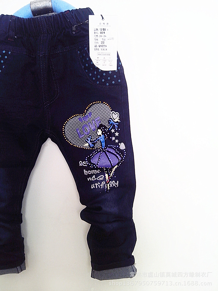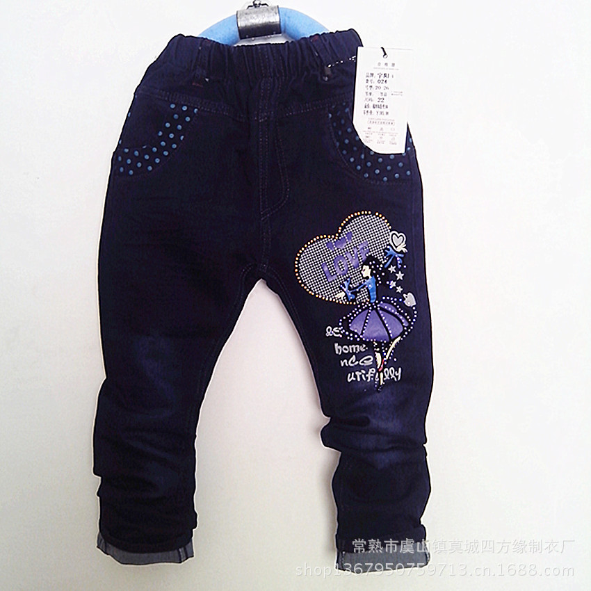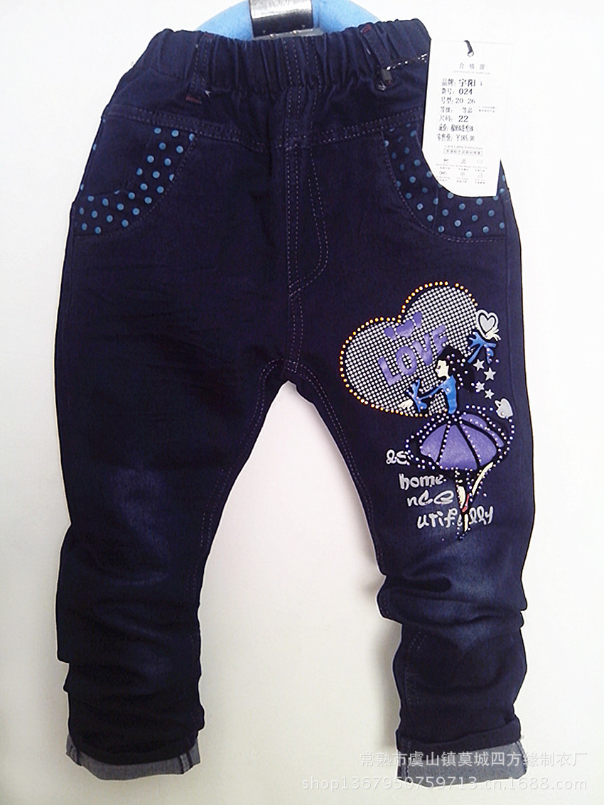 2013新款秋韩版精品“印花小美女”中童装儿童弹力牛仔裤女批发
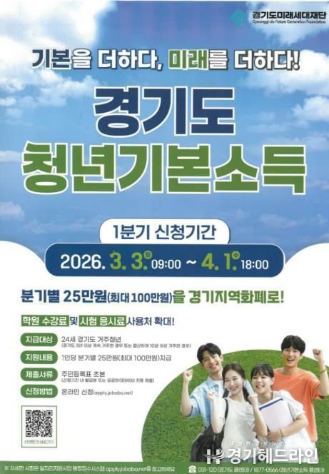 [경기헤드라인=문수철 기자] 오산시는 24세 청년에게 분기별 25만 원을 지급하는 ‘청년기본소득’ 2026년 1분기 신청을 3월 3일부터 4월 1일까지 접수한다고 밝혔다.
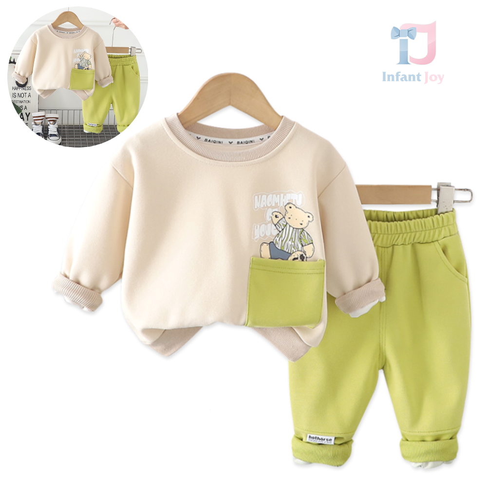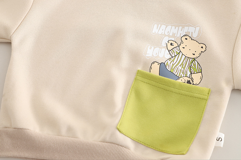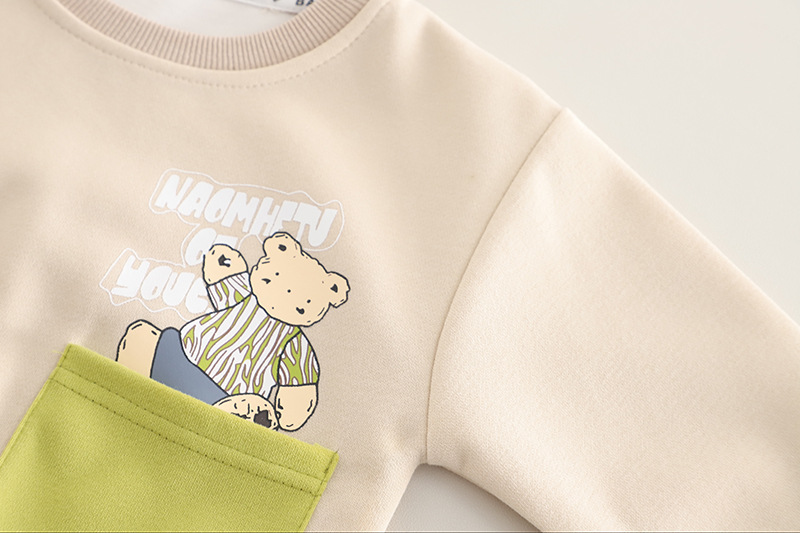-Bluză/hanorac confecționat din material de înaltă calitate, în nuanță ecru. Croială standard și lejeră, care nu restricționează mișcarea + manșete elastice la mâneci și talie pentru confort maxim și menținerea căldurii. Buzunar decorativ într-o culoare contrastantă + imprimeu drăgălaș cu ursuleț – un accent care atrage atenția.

# Exercise prompt:
With the images omitted, return the full material exactly.

# Completed exercise:
 2013新款秋韩版精品“印花小美女”中童装儿童弹力牛仔裤女批发
 [경기헤드라인=문수철 기자] 오산시는 24세 청년에게 분기별 25만 원을 지급하는 ‘청년기본소득’ 2026년 1분기 신청을 3월 3일부터 4월 1일까지 접수한다고 밝혔다.
-Bluză/hanorac confecționat din material de înaltă calitate, în nuanță ecru. Croială standard și lejeră, care nu restricționează mișcarea + manșete elastice la mâneci și talie pentru confort maxim și menținerea căldurii. Buzunar decorativ într-o culoare contrastantă + imprimeu drăgălaș cu ursuleț – un accent care atrage atenția.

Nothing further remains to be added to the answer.